I Transmission of torque using friction

[erobz]

@Lnewqban This is my approach to the conical section. It's more of a combination of intuition and a leap of faith so let's see if it makes sense.

I first simplified the conical section to two flat angled surfaces.
View attachment 338068

Because it's static we can say:
$$\sum F_x = 0 \rightarrow F+2R\cos (\alpha)=0 \rightarrow R=\frac{-F}{2\cos(\alpha)}$$
We can see from that how the angle causes the reaction to be bigger in magnitude just as expected.

Isn't there a frictional force component of $2 \mu R \cos \theta$ missing from this force balance?

 

[Juanda]

Isn't there a frictional force component of $2 \mu R \cos \theta$ missing from this force balance?

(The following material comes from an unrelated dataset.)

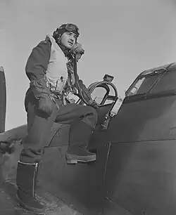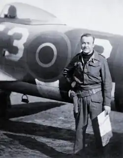 On six occasions, he flew three sorties in one day: 17 June, 24 June, 9 August and 18 August at the height of the Battle of Falaise, 30 September and 2 October 1944.[6] Overseas, on 4 June 1944, S/L F.G. Grant described him as a "Particularly good flight commander on the ground and outstanding in the air. Confident and self-assured on operations".[3] On 27 October 1944, Group Captain Paul Davoud D.S.O., O.B.E., D.F.C. wrote that he was "A fine organizer and a brilliant fighter-bomber leader whose judgement was outstanding".[3]
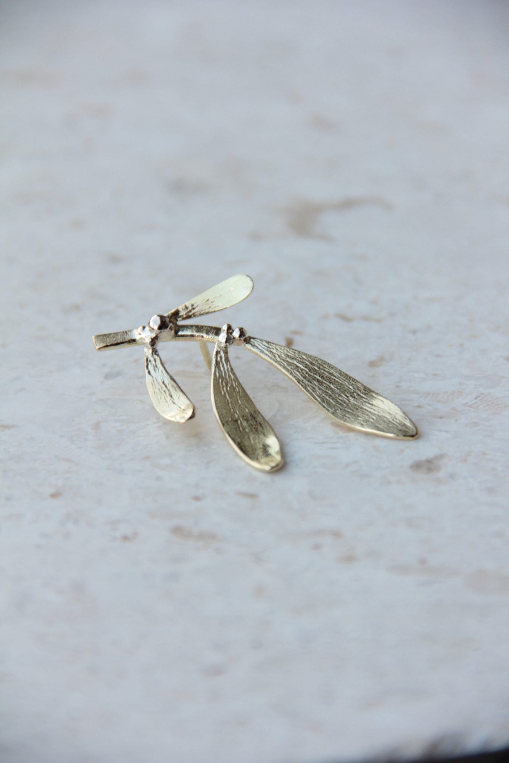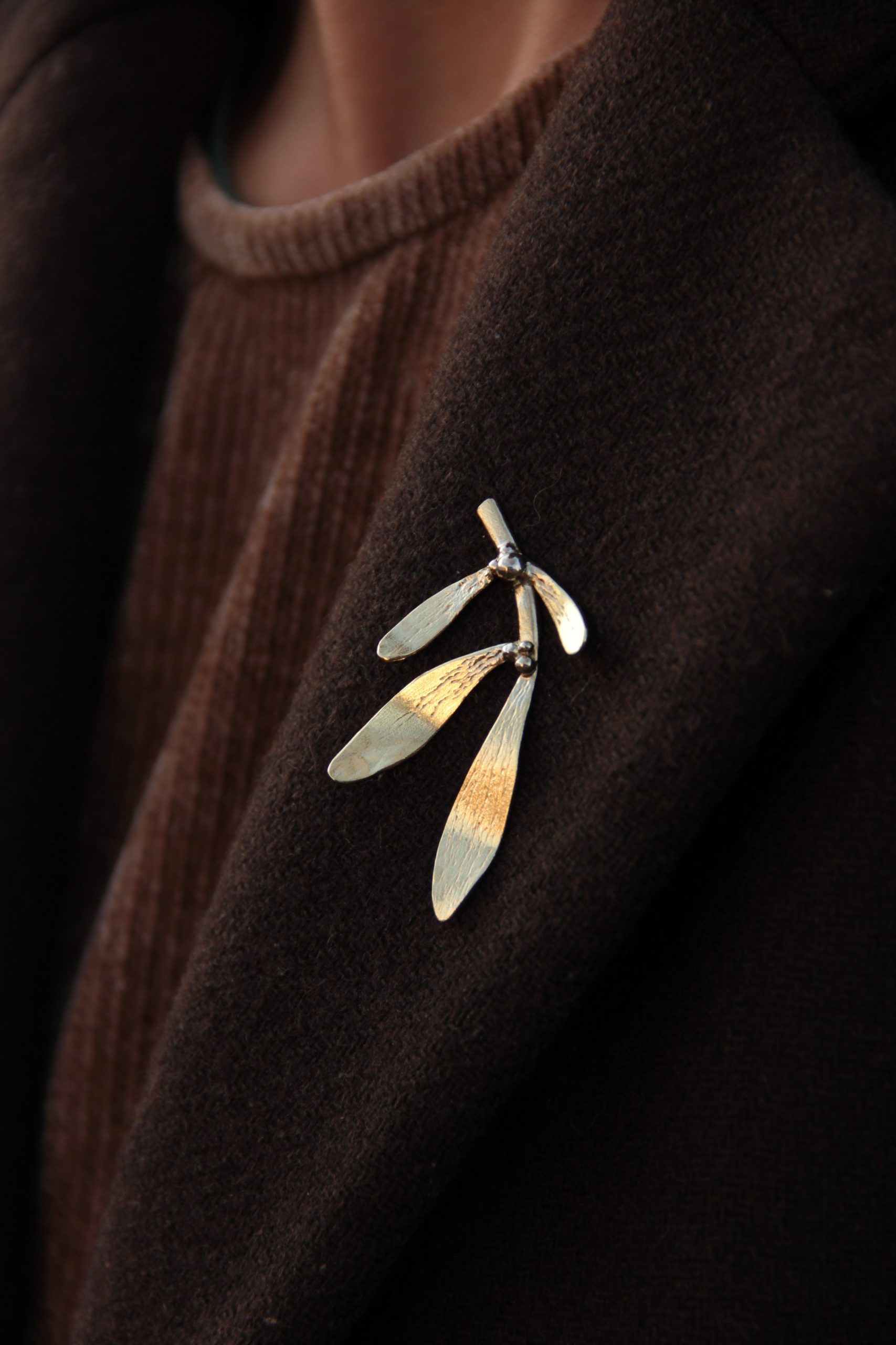 Imela broš dizajniran je posebno kao komad nakita koji će se nositi na beretki. Elegantnih linija, u kombinaciji mjedi i srebra, grančica Imele u potpunosti je ručne izrade. Sa stražnje strane broša nalazi se iglica i sigurnosni čep koji iglu fiksira i čini ju potpuno sigurnom pri nošenju. Broš ne uključuje beretku.

I think you're right. I should have added the frictional force tangent to the surfaces as well.
In that case, the expression I get is:
$$\sum F_x=0\rightarrow F+2R\cos(\alpha)+2\mu R\cos(\alpha+\frac{\pi}{2})=0\rightarrow F+2R(\cos(\alpha)-\mu\sin(\alpha))=0$$
$$R=\frac{-F}{2(\cos(\alpha)-\mu\sin(\alpha))}$$
Then, the normal stress to the surface would be again:
$$\sigma =\frac{R}{A}$$
If I tried to slide the block in the $z$ direction (in or out of the screen) while applying $F$, then the opposing force would be $\mu R$ I believe.

 

[khamlichi]

Please note that there are two regimes of friction: uniform pressure and uniform wear. At the beginning the pressure is uniform and wear is uneven. But, after the running-in phase, the wear becomes uniform and pressure adjustes unevenly. This is important in practice since there exists noticeable difference between the two situations.